It is such a great relief to see the recent progress in Malaria control efforts. The World Health Organization reported that 212 million new cases and 429,000 deaths occurred (WHO, 2016). Malaria control efforts have focused on three major areas over the last decade: chemoprevention, vector control and use of malaria diagnostic testing. All three of these have shown impressive improvements over time. However surveillance efforts have not made any measurable strides.
According to the WHO, an estimated 19% of global malaria cases are detected using existing surveillance systems. But nearly 4 in 5 patients with malaria are not detected using current methods. This is not nearly good enough. The current gold standard for malaria detection requires identification using microscopy and a blood smear. This is time consuming, and only detects patients whose disease has spread beyond the liver. Dozens of rapid diagnostic tests (RDT) exist, but are not nearly sensitive enough. We really need a way to detect malaria at the earliest stages, when it matters the most.
Several barriers prevent infected patients from seeking treatment. Socioeconomic forces are the biggest barrier. Malaria disproportionately affects patients in the poorest and most rural settings in the world. In rural communities, patients simply don’t have the means to travel to cities to seek medical attention. The second barrier is trying to figure out who even has the disease. More than two-thirds of patients infected with Malaria may not even know it. A recent study found that in a tribal area of West Bengal 81 patients were infected with P. falciparum. Of these 81 patients, 66 (80%) were proven to be asymptomatic carriers (Ganguly, 2013). This is a big problem because these asymptomatic carriers serve as a huge reservoir and unknowingly continue to spread the disease.
I sought to address these fundamental issues using a low-tech approach. My goal was to create a small portable device that could amplify and detect malaria DNA using ordinary camping equipment. Laboratory based tests like polymerase chain reaction (PCR) are certainly sensitive enough to amplify sections of the malaria genome, however they are impractical to use in the developing world. I wanted to create something that could run on battery power, without the need for AC electricity, and would require only minimal training.
My system relies on a technique known as isothermal loop amplification (LAMP) and is similar to PCR, but does not require bulky lab equipment. Instead of using an expensive thermocycler, the portable LAMP system uses a flameless camping stove based on meals-ready-to-eat (MRE) heaters. The stove uses a magnesium alloy to generate an exothermic reaction — enough to power the LAMP reaction for up to 60 minutes. A smartphone camera is then used to detect color changes on a microfluidic chip which signifies the presence of malaria DNA. The LAMP reaction detects two genes which are found in malaria causing plasmodium species: aldolase and histidine rich protein II (HRP-2).
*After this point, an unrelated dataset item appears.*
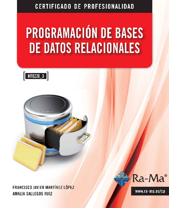 Los certificados de profesionalidad son titulaciones oficiales válidas en todo el territorio nacional que acreditan la capacitación para el desarrollo de una actividad laboral. Para su obtención es necesario superar todos los módulos formativos que integran certificados. La presente obra se ha tratado de ajustar en lo posible a los contenidos oficiales del módulo formativo de 210 horas de duración llamado “Programación de bases de datos relacionales” (MF0226_3), incluido en los certificados de profesionalidad “Programación con lenguajes orientados a objetos y bases de datos relacionales” (IFC0112) y “Programación en lenguajes estructurados de aplicaciones de gestión” (IFCD0111), ambos de nivel 3, el nivel más alto que se otorga a una cualificación profesional. Dicho módulo trata de ofrecer una visión general de las bases de datos relacionales, incluyendo los principios generales de los sistemas gestores de bases de datos, metodología de análisis y diseño para implementarlas, así como los principales lenguajes de programación para implementarlas y explotarlas. Aunque durante el libro se quiere dar una visión general de este tipo de bases de datos y de sus elementos, también se describen DBMS concretos y se realizan ejercicios guiados con sistemas concretos y con herramientas muy diversas, con el objetivo de llevar a la práctica lo estudiado a lo largo de los capítulos que integran el trabajo. Capítulos que integran el trabajo.
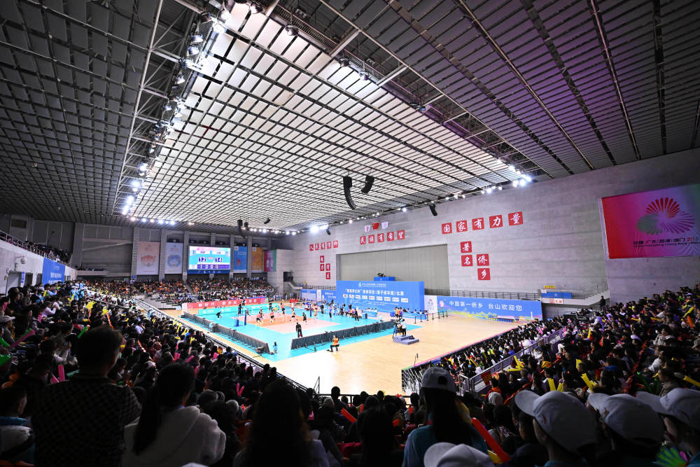 這是2025年11月20日拍攝的在廣東江門(mén)舉行的第十五屆全國(guó)運(yùn)動(dòng)會(huì)排球男子成年組冠亞軍決比賽現(xiàn)場(chǎng)。新華社記者 李鑫 攝

So when will this be ready for use in real patients? Unfortunately it will take some time. Results from this experiment were recently presented as a poster at the American Society of Parasitologists Annual Meeting in San Antonio TX (Gopal et al, 2017). In this first prototype, we amplified purified DNA from a P. falciparum stock. Further work needs to be done to compare the results from LAMP to a standard lab based PCR. After some more refinements, the device would then be ready for testing in real patients with endemic malaria. Then we could potentially submit the device for approval to health authorities for human use. Through the efforts of the scientific community, I hope a more refined device using this technology will be available within the next 3-5 years.
Ganguly, S., P. Saha, S. K. Guha, A. Biswas, S. Das, P. K. Kundu, and A. K. Maji. 2013. “High Prevalence of Asymptomatic Malaria in a Tribal Population in Eastern India.” Journal of Clinical Microbiology 51 (5):1439–44.
Gopal NS, Hayter J, Azaro M, Brzustowicz LM. Plasmodium Aldolase Quantification Using Portable Isothermal Loop Mediated Amplification (LAMP) and a Smartphone. Poster #148 presented at the American Society of Parasitologists Annual Meeting, San Antonio TX, July 2017.